La “Primula rossa”, come era stato soprannominato il brutale boss di Corleone per l’abilità con la quale era riuscito a sfuggire all’arresto sino al 1974, non aveva mai perdonato al giudice la tenacia con la quale aveva condotto le indagini ed era arrivato alla sua condanna. Lo disse senza mezzi termini alla stampa e allo stesso magistrato, quando lo interrogò in carcere in veste di appartenente alla commissione antimafia.


La guerra e l’ingresso in magistratura di Cesare Terranova

Cesare Terranova, nato a Petralia Sottana il 15 agosto 1921, entra in magistratura nel 1946, subito dopo la fine della guerra. Aveva combattuto il secondo conflitto mondiale con la IV Compagnia del XII Battaglione Mitraglieri di Corpo d’Armata: catturato il 12 luglio 1943, era stato tenuto prigioniero in Africa fino all’ottobre del 1945, venendo insignito successivamente della Croce al Merito di guerra.

Inizia la carriera come pretore a Messina e poi a Rometta, dove il Comune, il 13 aprile 1950, gli conferisce la cittadinanza onorariaper l’opera di risanamento e di giustizia, fecondata da un lavoro assiduo, tenace e diligente, che ha elevato il tono e il Senso della Giustizia in tutto il mandamento” sottolineando come, attraverso una “nobiltà di animo non comune”, Terranova “si è accattivata la stima e l’affetto dell’intera cittadinanza“.

Cesare Terranova

Fonte foto: csm.it

I primi grandi processi di mafia e le intuizioni su Cosa nostra

Successivamente diventa giudice istruttore a Patti. Nel 1958 si trasferisce al Tribunale di Palermo, dove avvia i primi grandi processi di mafia contro Luciano Leggio (vero cognome del boss Liggio) e i padrini di Corleone. Terranova, infatti, intuisce prima di molti altri la crescente pericolosità dei “viddani” che avevano assassinato Michele Navarra e i suoi fedelissimi per prenderne il posto.
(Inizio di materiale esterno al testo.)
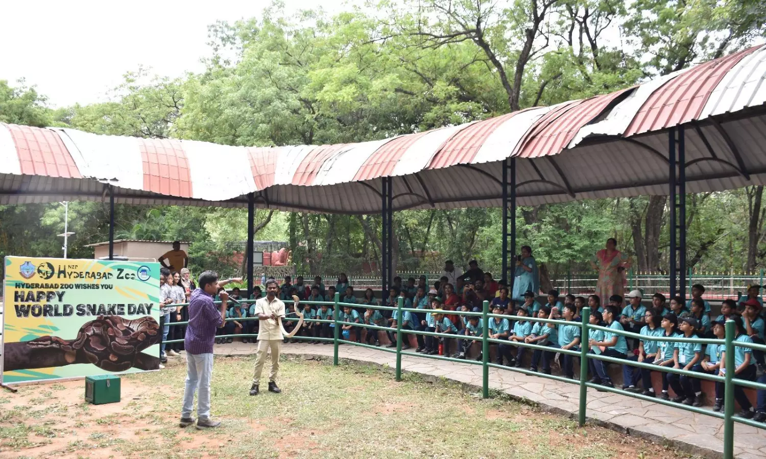 Hyderabad: World Snake Day was celebrated on Tuesday at Nehru Zoological Park in Hyderabad. An awareness programme was also organised at the Reptile House Amphitheatre on the zoo campus. Around 700 school students and 600 visitors took part in the event, which aimed at educating people about snakes and its role in the ecosystem.
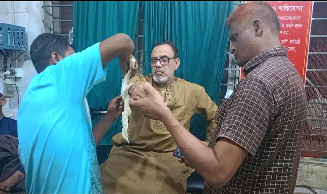 শারীরিক ভাবে লাঞ্ছিত করে।এসময় পুলিশ সদস্যরা এগিয়ে আসলে তারা নিরস্ত্র পুলিশের উপর অতর্কিত হামলা চালায় এতে আমিসহ ৮ পুলিশ সদস্য আহত হই।

Comprende, con estrema lucidità e capacità di analisi, la trasformazione in corso di Cosa nostra, che dal proprio feudo fiuta le opportunità di speculazione edilizia offerte dalle città e allunga i suoi tentacoli fino ai grandi centri urbani.

Nelle sue sentenze, già a metà degli anni Sessanta, Terranova individua le strutture di comando e fornisce precise descrizioni: “La mafia non è un concetto astratto, non è uno stato d’animo, ma è criminalità organizzata efficiente e pericolosa, articolata in aggregati o gruppi o ‘famiglie’ o meglio ancora ‘cosche’. […] Esiste una sola mafia, né vecchia, né giovane, né buona, né cattiva, esiste la mafia che è associazione delinquenziale”.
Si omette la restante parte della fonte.